China is losing the trade war. Here's how

Edited By: Palki Sharma WION
New Delhi, Delhi, India Published: Jul 02, 2020, 10:37 PM(IST)

Boycott China Photograph:( Reuters )

Story highlights

Consequently, corporate leaders are losing confidence in China. A survey of 260 global supply chain leaders has revealed that one in three companies are willing to leave.

China has, for years, been called the global manufacturing hub. But its export story is losing the narrative.

Foreign companies want to move out, and China only has itself to blame.

Beijing mishandled a pandemic, and tried to bully the world.

Consequently, corporate leaders are losing confidence in China. A survey of 260 global supply chain leaders has revealed that one in three companies are willing to leave.

They want to move sourcing and manufacturing out of China -- if not immediately, then in two to three years.

The first trigger was the US-China trade war.

Companies realised too much dependence on China was a bad idea. With all of china's disputes, operating factories there isn't cheap any more.

Trump announced tariffs on $370 billion of Chinese goods. And costs went up by 100 million dollars for some companies.

At the height of the trade war, more than 50 companies left China.

The novel coronavirus has made things worse. And hence, Trump's onslaught continues.

He says American companies must not operate in Xinjiang because of China's human rights violations against Uighurs.

More sanctions are expected. 

Business leaders do not want to be caught in the crossfire. So they are planning to leave China. 

There are many options of the destination too.
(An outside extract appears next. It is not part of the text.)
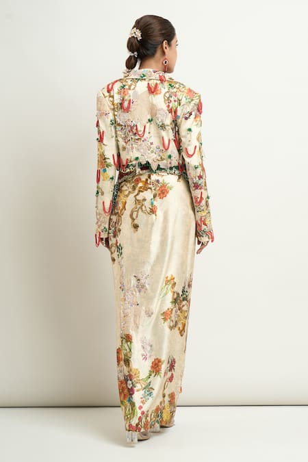 Beige short cropped jacket featuring multi-colored floral prints and beaded tassel embellishments. Paired with a coordinating draped skirt adorned with intricate detailing.
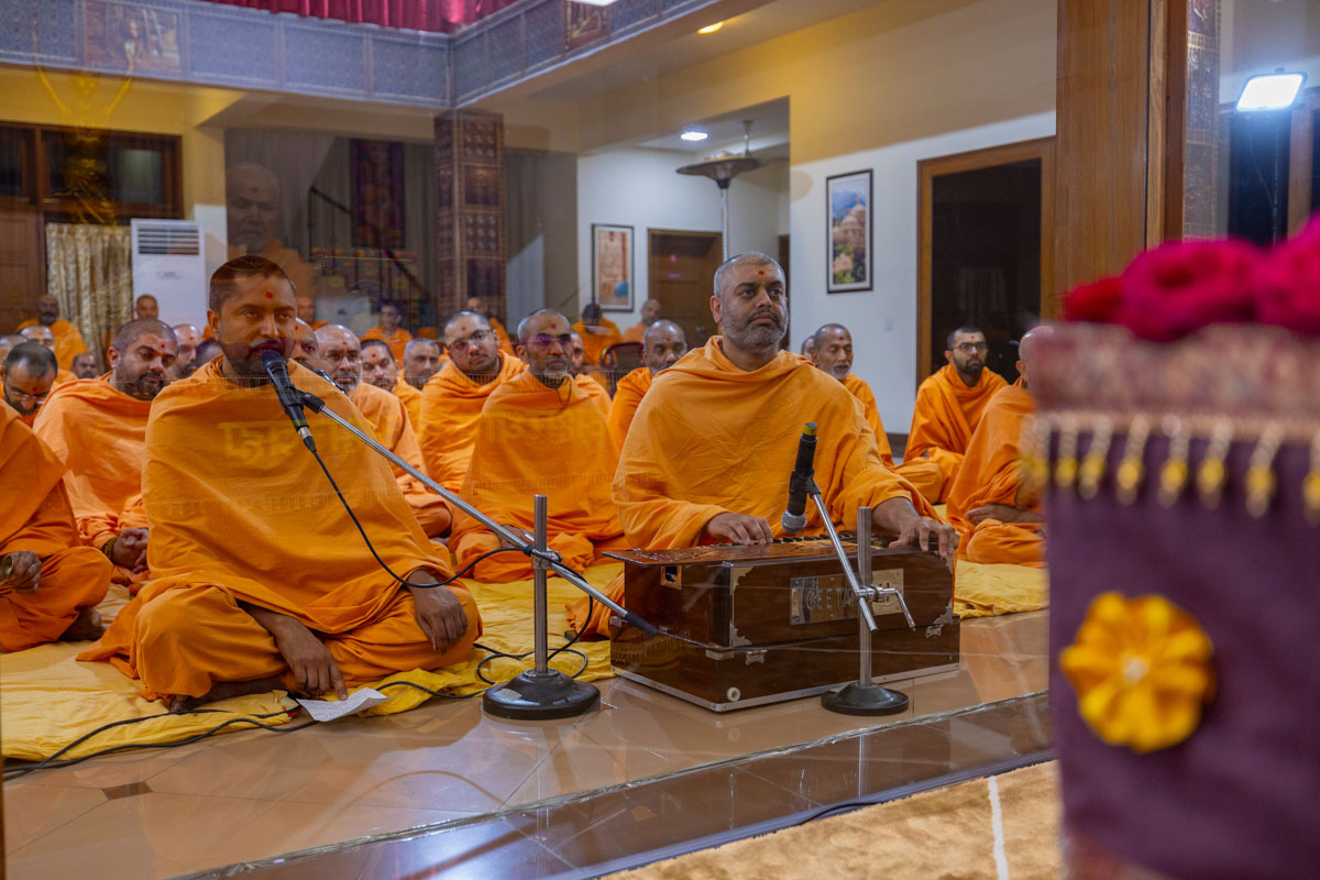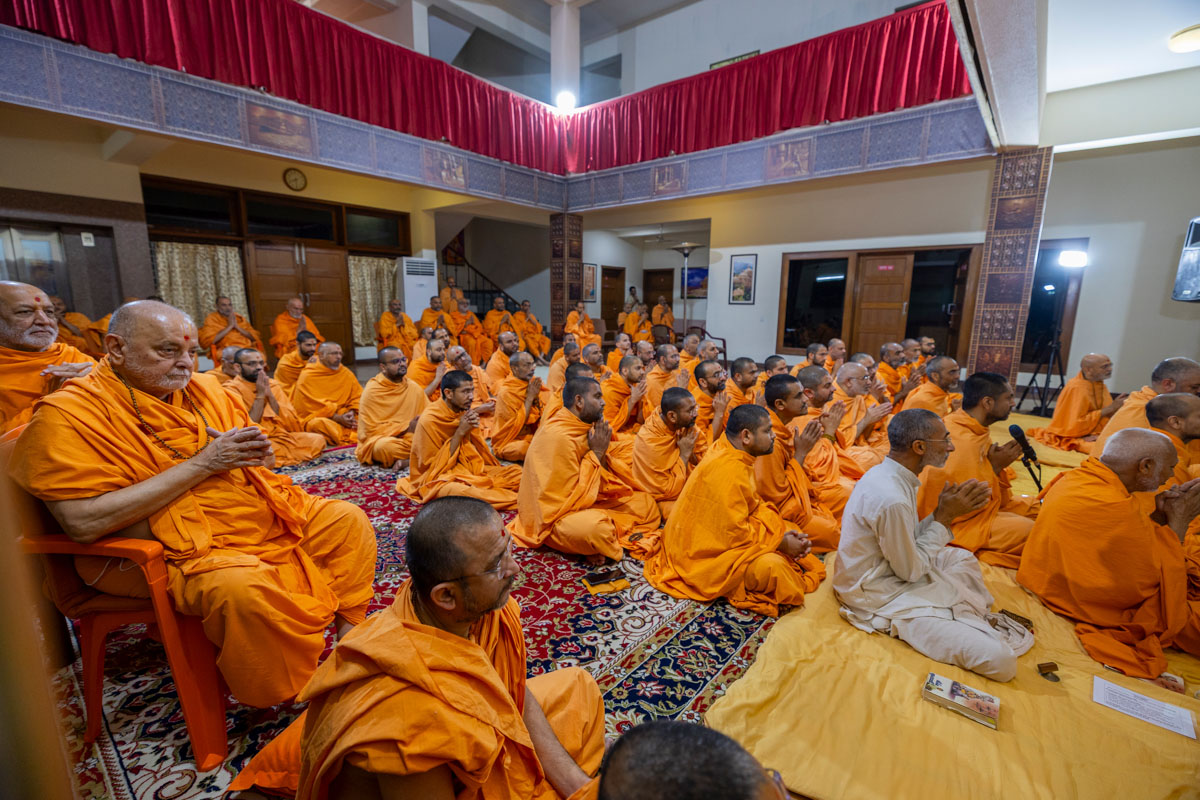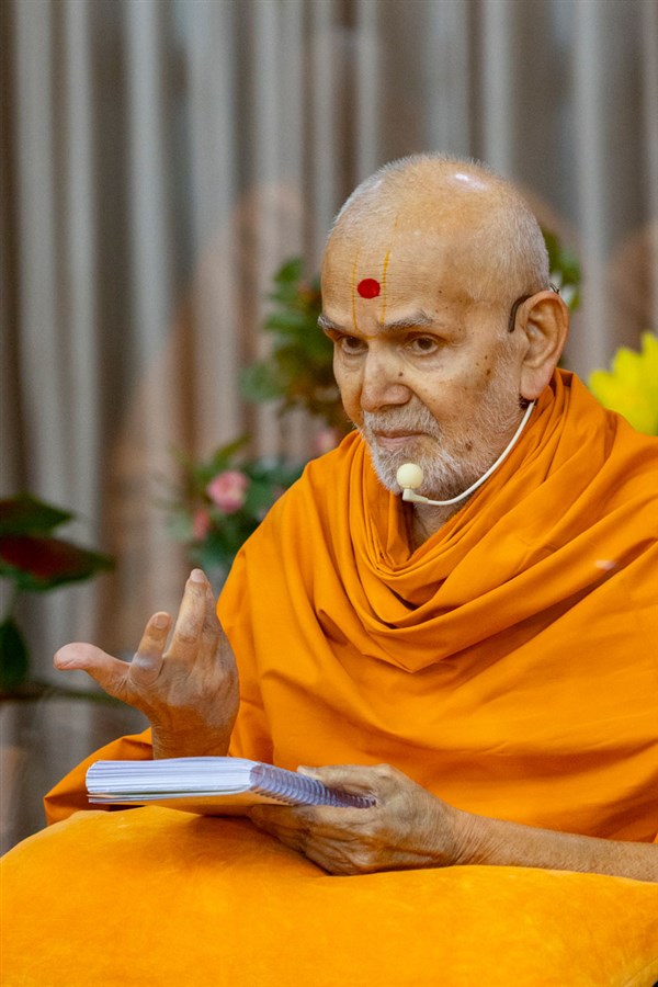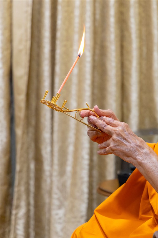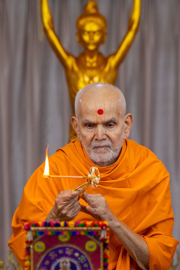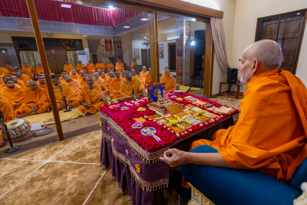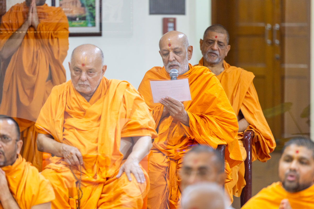 Dharmavatsal Swami leads everyone in reciting the sadhana mantra and daily prayer in Swamishri's puja

For over a decade, Nike has been moving its factories to Southeast Asia and Africa. 

Labour cost is 60 per cent cheaper in Vietnam, which is quickly emerging as a leading global manufacturer.

Even the iPhone maker -- Taiwan's Foxconn -- has one of its largest hubs outside China in Vietnam.

This is the China plus one strategy -- to have an additional base outside China.

Other countries want to join and want to host companies leaving China. 

To this end, Taiwan is offering cheap finance and tax breaks. It has brought more than $30 billion of investments last year.

Japan set aside over $2 billion to help companies return. 

India tried to lure more than a 1,000 American companies. Foxconn is one of the major companies that is onboard with the 'Make in India' project. 

So the global supply chains are being delinked with China, and linked with countries like Vietnam, Mexico and India. 

All for a simple reason -- these countries offer a secure business environment, and provide everything else that China has to offer and more.